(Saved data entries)

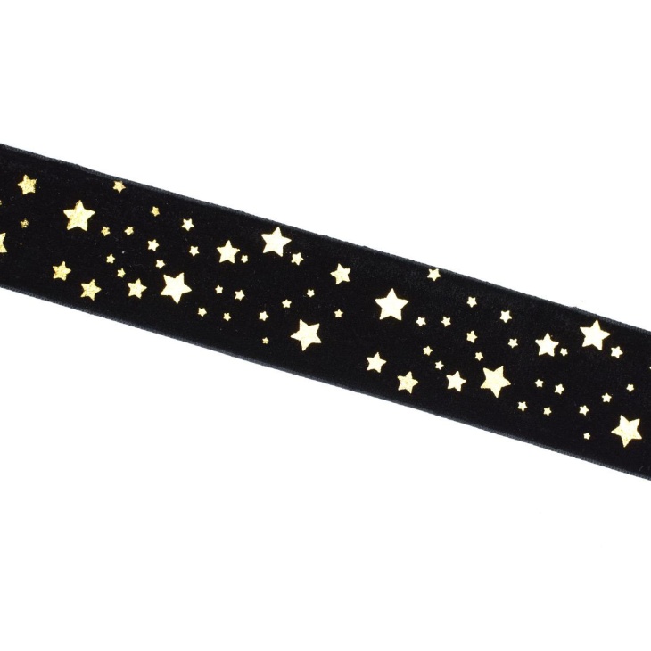 Una cinta de terciopelo con estrellas doradas de 4 cm de ancho, perfecta para quienes buscan un adorno versátil, resistente y elegante para dar un aire festivo y sofisticado a sus creaciones textiles o decorativas.
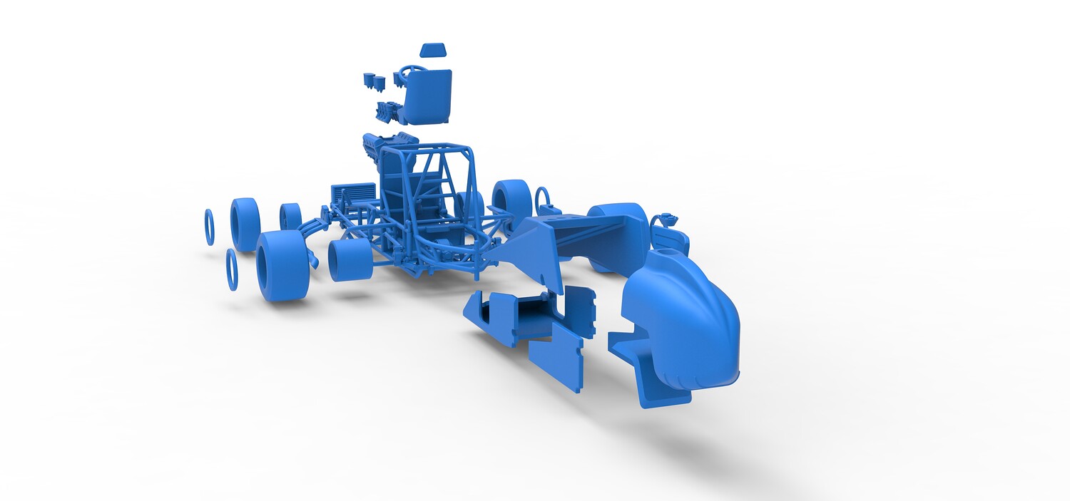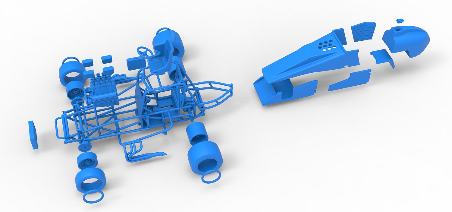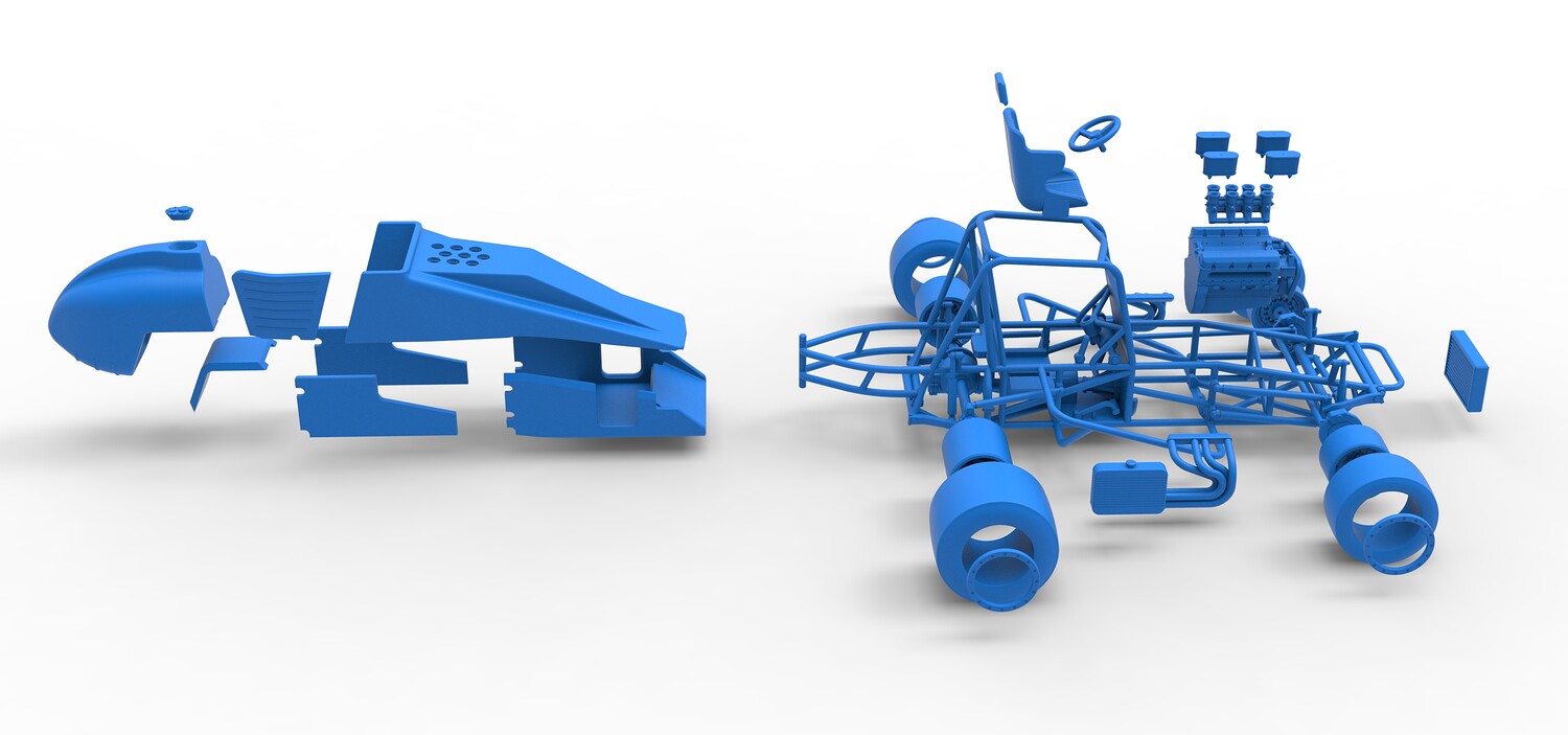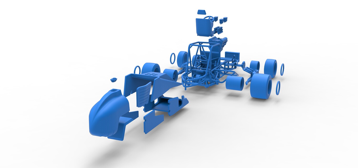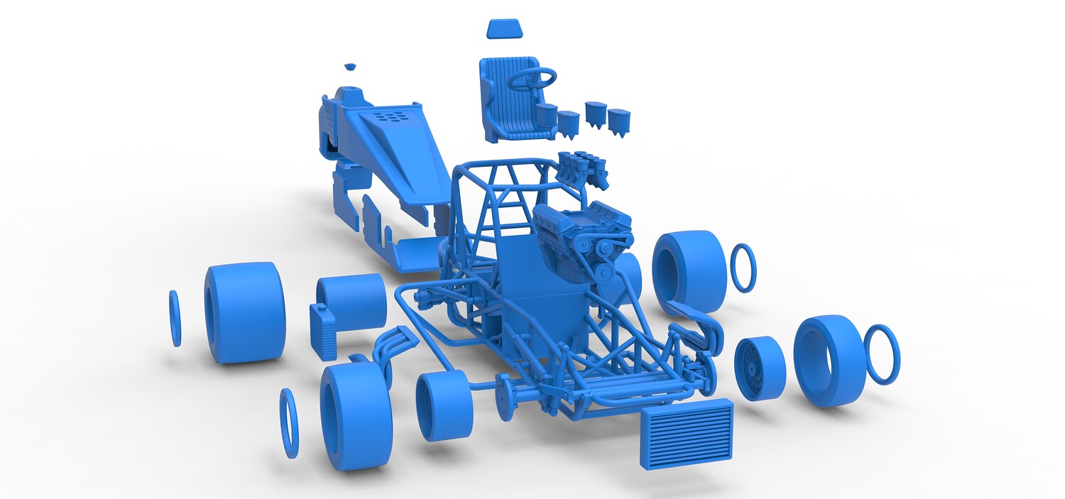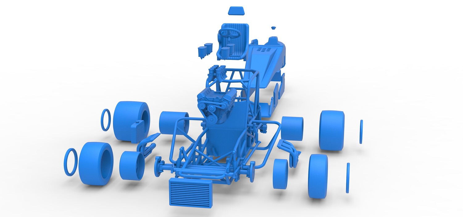 The model consists of parts: Air filters, Air intake, Beadlock rings, Engine, Frame, Front left rim, Front left tire, Front right rim, Front right tire, Fuel tank bottom plate, Fuel tank insert, Fuel tank, Headrest, Hood, Left exhaust, Nose, Oil tank, Radiator, Rear left rim, Rear left tire, Rear right rim, Rear right tire, Right exhaust, Right side shield, Seat, Side plates, Steering wheel.
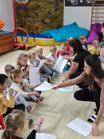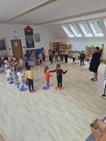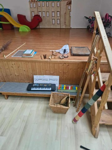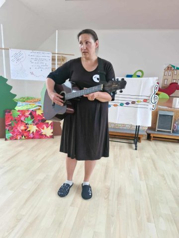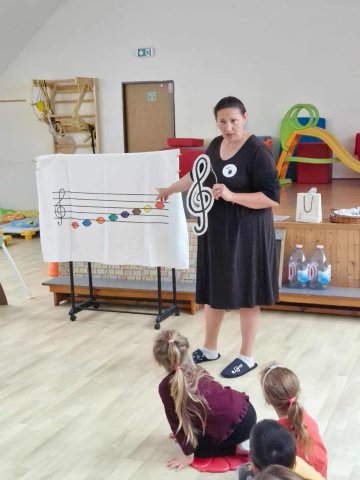 Ve čtvrtek 25.9. proběhl ve školce tématický den " S tetičkou Notičkou". Děti poznávaly a hrály na neobvyklé hudební nástroje ( igelit. sáčky, chřestidla, vozembouch... ) ,seznamovaly se s rytmem a zkoušely různá dechová cvičení. Na konci děti čekala sladká odměna...
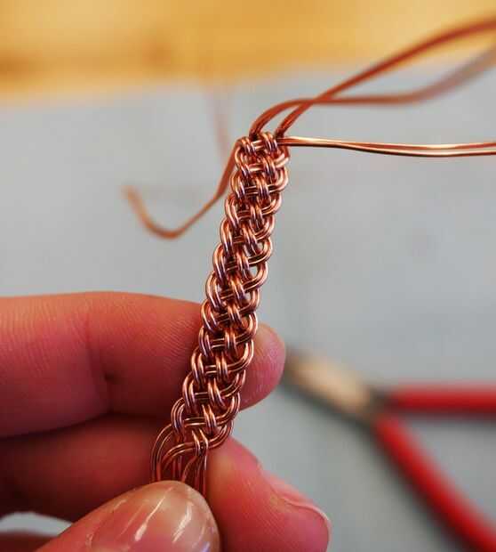 Después de unos 10-15 filas, seguir adelante y tomar la pieza de la abrazadera y le dan un aspecto. En este momento, su proyecto debe verse algo como esto. Su armadura está empezando a tomar forma y endurecer, y los cables están empezando a endurecer de usted después de haber doblado los. No te preocupes, esto es lo que queremos. Ayuda el proyecto terminado para ser un poco más durable. No te preocupes de desentrañar en este punto, es casi imposible para los cables a ellos mismos. Mantienen muy bien la forma.
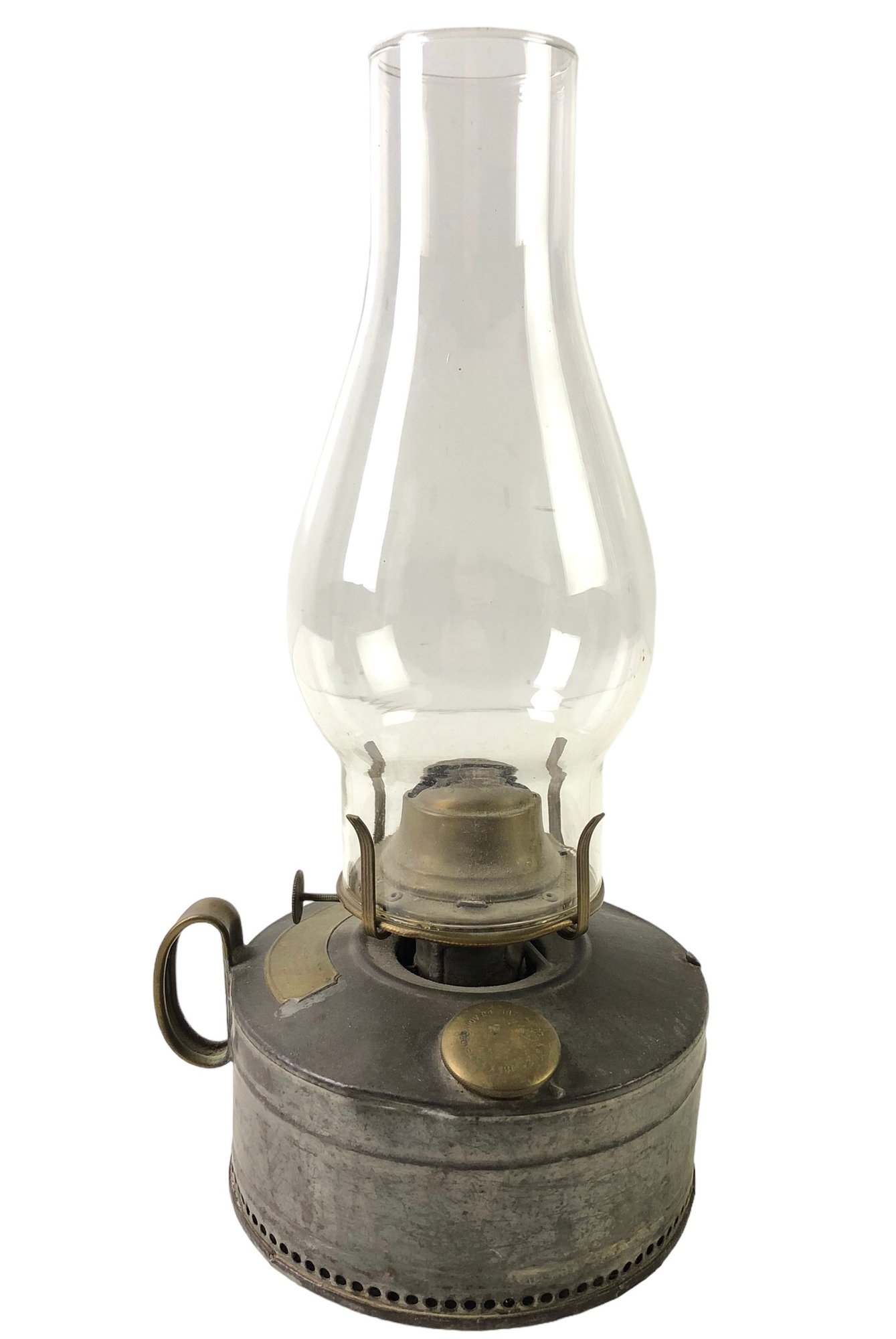 The glass chimney, while in good condition, does not fit snuggly atop the lamp.
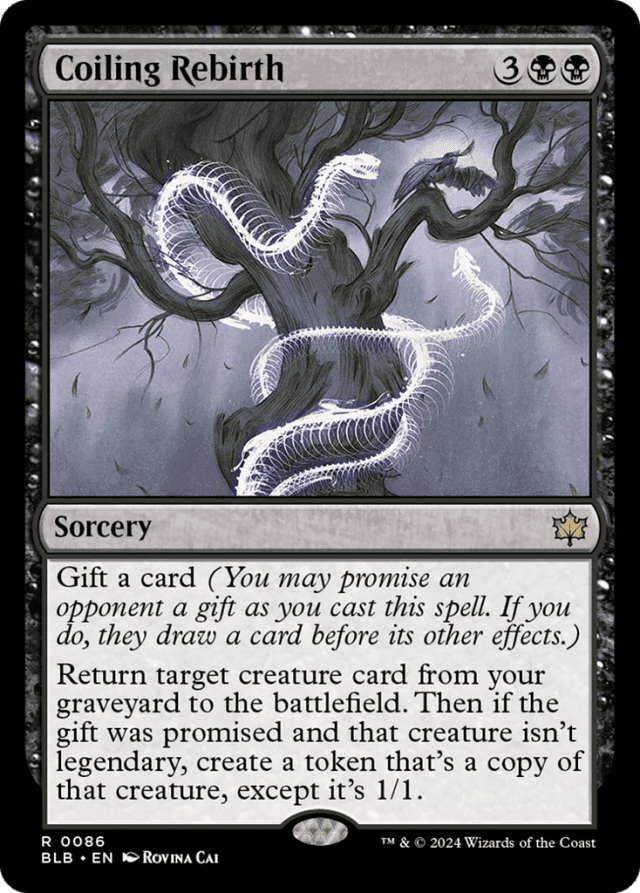 Any abilities that trigger during the resolution of Coiling Rebirth will wait to be put onto the stack until Coiling Rebirth finishes resolving. An ability that triggers when the creature is returned to the battlefield from the graveyard may target the token copy, and vice versa. — Any “enters” abilities of the copied creature will trigger when the token enters. Any “as [this creature] enters” or “[this creature] enters with” abilities of the copied creature will also work. — As an additional cost to cast a spell with gift, you can promise the listed gift to an opponent. That opponent is chosen as part of that additional cost. The gift isn’t given at this time; rather, it’s given at a later time based on whether or not the spell is a permanent spell. — For instants and sorceries with gift, the gift is given to the appropriate opponent as part of the resolution of the spell. This happens before any of the spell’s other effects would take place. — For permanent spells with gift, an ability triggers when that permanent enters if the gift was promised. When that ability resolves, the gift is given to the appropriate opponent. — If a spell for which the gift was promised is countered, doesn’t resolve (perhaps because all of its targets are illegal), or is otherwise removed from the stack, the gift won’t be given. None of its other effects will happen either. — If the copied creature has {X} in its mana cost, X is 0. — If you copy a spell for which the gift was promised, the gift was also promised to the same opponent for the copy. If a card or token enters as a copy of a permanent that’s already on the battlefield, the gift isn’t promised for that new permanent, even if it was promised for the original. — In the main set, there are four different kinds of gifts. “Gift a Food” causes the chosen opponent to create a Food token, while “Gift a Treasure” causes the chosen opponent to create a Treasure token. “Gift a card” causes them to draw a card, and “Gift a tapped Fish” causes them to create a tapped 1/1 blue Fish creature token. The Commander decks contain two more kinds of gifts: “Gift an Octopus,” which causes the chosen opponent to create an 8/8 blue Octopus creature token, and “Gift an extra turn,” which causes them to take an extra turn after the current turn ends. — Some instant or sorcery spells require alternative or additional targets if the gift was promised. You ignore these targeting requirements if the gifts aren’t promised for those spells. On the other hand, you can promise a gift for a permanent spell even if you won’t be able to choose targets for an enters ability of that permanent once the spell resolves. — The token created by the additional effect of Coiling Rebirth isn’t “cast,” so abilities that trigger when a creature spell is cast won’t trigger for the copy. — You can’t pay a gift cost more than once.

[WORK TO COMPLETE] Please reproduce, word for word, every line from the first line of the records above through the line containing "The model consists", and leave out the pictures.

[TASK SOLUTION]
 Una cinta de terciopelo con estrellas doradas de 4 cm de ancho, perfecta para quienes buscan un adorno versátil, resistente y elegante para dar un aire festivo y sofisticado a sus creaciones textiles o decorativas.
 The model consists of parts: Air filters, Air intake, Beadlock rings, Engine, Frame, Front left rim, Front left tire, Front right rim, Front right tire, Fuel tank bottom plate, Fuel tank insert, Fuel tank, Headrest, Hood, Left exhaust, Nose, Oil tank, Radiator, Rear left rim, Rear left tire, Rear right rim, Rear right tire, Right exhaust, Right side shield, Seat, Side plates, Steering wheel.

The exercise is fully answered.